(Data shown):
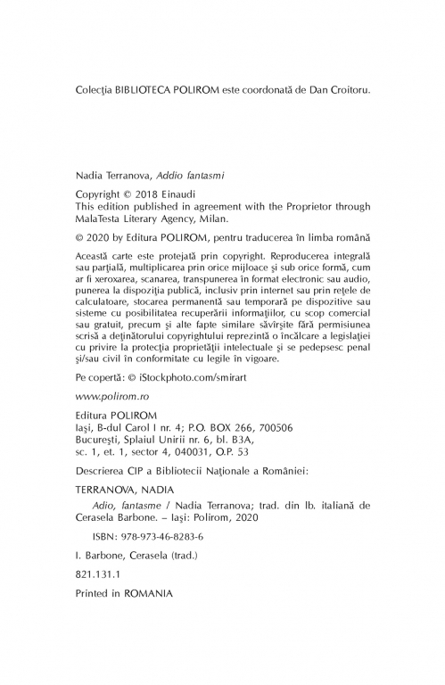 Comandă online cartea "Adio, fantasme" la 10,60 lei isbn 9789734682836 scrisă de Nadia Terranova, tiparită la editura Polirom face parte din colecția BIBLIOTECA POLIROM -> Actual. Cartea poate fi livrată în circa 2 zile cu plata ramburs sau online cu cardul.
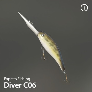 | Diver | 1.5 | 5.40 | - | M | 12.00 g | 8.0 cm | 4.0 m | SP | x 2 | 16 - 2/0 | Express Fishing |
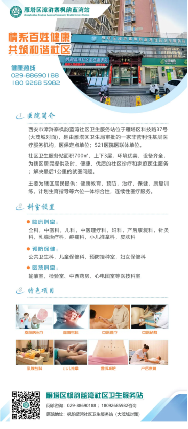 详细地址:雁塔区科技路37号(大茂城对面)漳浒寨枫韵蓝湾社区卫生服务站
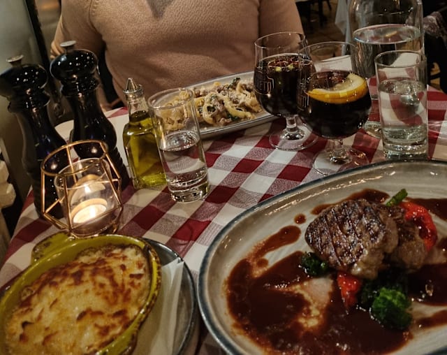 9.5/10Excellent food! We had scampi for starters (big ones and a large portion for being a starter) and then Lasagna and Beef and mushroom rigatoni for mains. Staff were really attentive and came with more cold water during the whole meal without being prompted. Good value for money. Recommended!
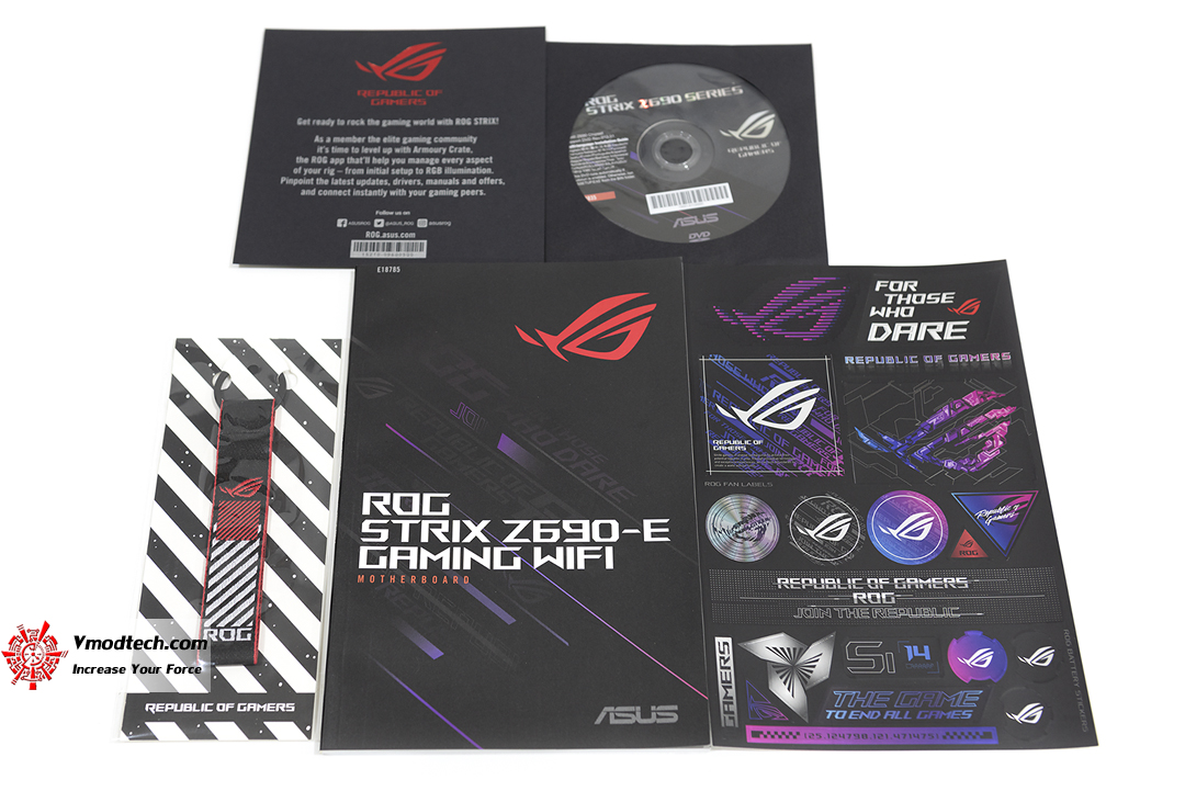 ภายในกล่องนั้นก็จะมีคู่มือ พวงกุญแจ ROG และบรรดาสติ๊กเกอร์ต่างๆ
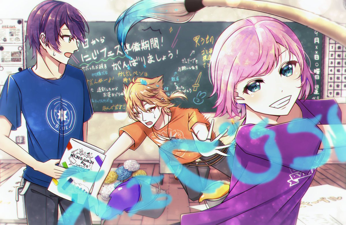24 140 真面目に準備中なトリガー💜💙🧡 #ふれふれにじフェス2022 #金剛力也像 #りりあーと #絵ガク 22/08/28 00:52
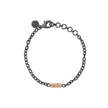 Armbåndet er fremstillet af en kraftig oxyderet sølvlænke med en smuk detalje i 14 karat guld med rosenslebne diamanter (0.10ct.) i pavé.
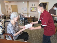 普段はお身体のこともあり甘い物は禁止ですが、今日はお許しいただき大好きなチーズケーキを召し上がっていただきました。とても喜ばれていました(^^♪
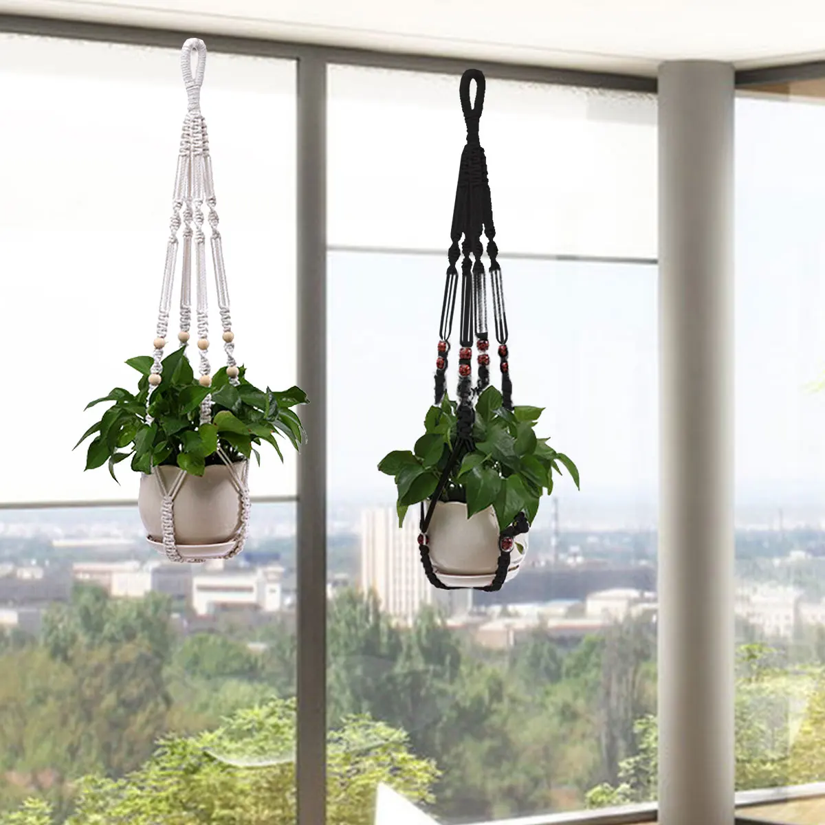 【High-quality Materials】 Our indoor hanging flowerpot net bag is made of natural cotton rope and handmade wooden beads. It is carefully hand-made, odorless, strong and durable enough to hang various plants, such as ivy, silk plants and more. A great way to show your cute plants is also a unique bohemian wall hanging decoration.
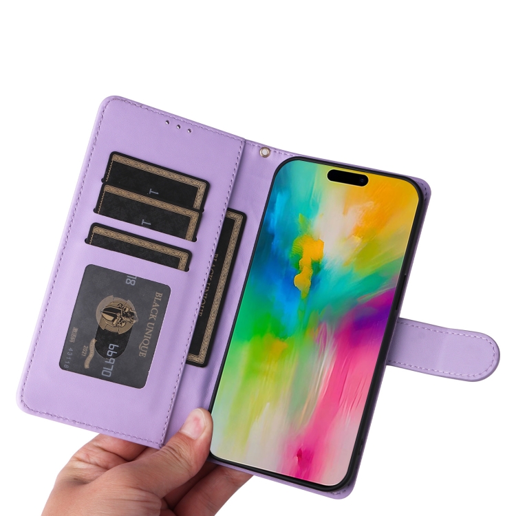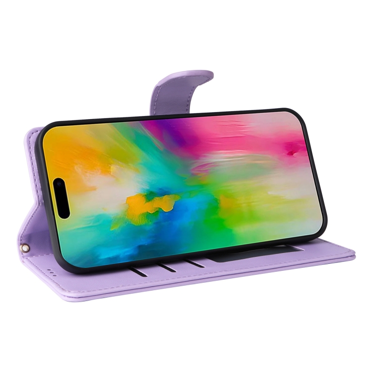 Funda Tipo Cartera Cuero Entramado Diamantes iPhone 16 (Morado Claro)
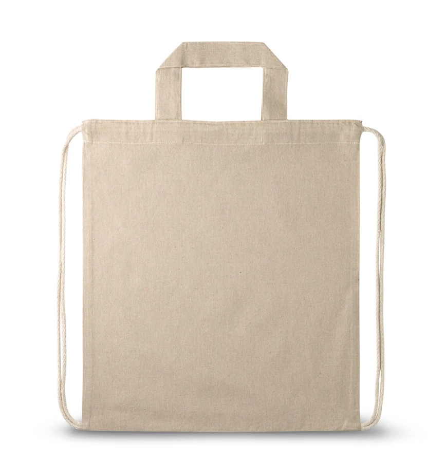 Worek zawierający bawełnę z recyklingu (70%) i poliester (30% rPET) (140 g/m²), z 30 cm uchwytami i bawełnianymi sznurkami do zamykania. Bawełna z recyklingu jest niebarwiona. Surowiec jest używany w swojej oryginalnej formie i kolorze, bez użycia barwiących lub wybielających chemikaliów, co przyczynia się do zmniejszania negatywnego wpływu na środowisko. 370 x 410 mm

(Problem): Take the material above and output only the lines from the one that contains "24 140 真面目に準備中なトリガー💜💙🧡" through the one that contains "普段はお身体のこともあり甘い", ends included and images left out.

(Result of the task):
24 140 真面目に準備中なトリガー💜💙🧡 #ふれふれにじフェス2022 #金剛力也像 #りりあーと #絵ガク 22/08/28 00:52
 Armbåndet er fremstillet af en kraftig oxyderet sølvlænke med en smuk detalje i 14 karat guld med rosenslebne diamanter (0.10ct.) i pavé.
 普段はお身体のこともあり甘い物は禁止ですが、今日はお許しいただき大好きなチーズケーキを召し上がっていただきました。とても喜ばれていました(^^♪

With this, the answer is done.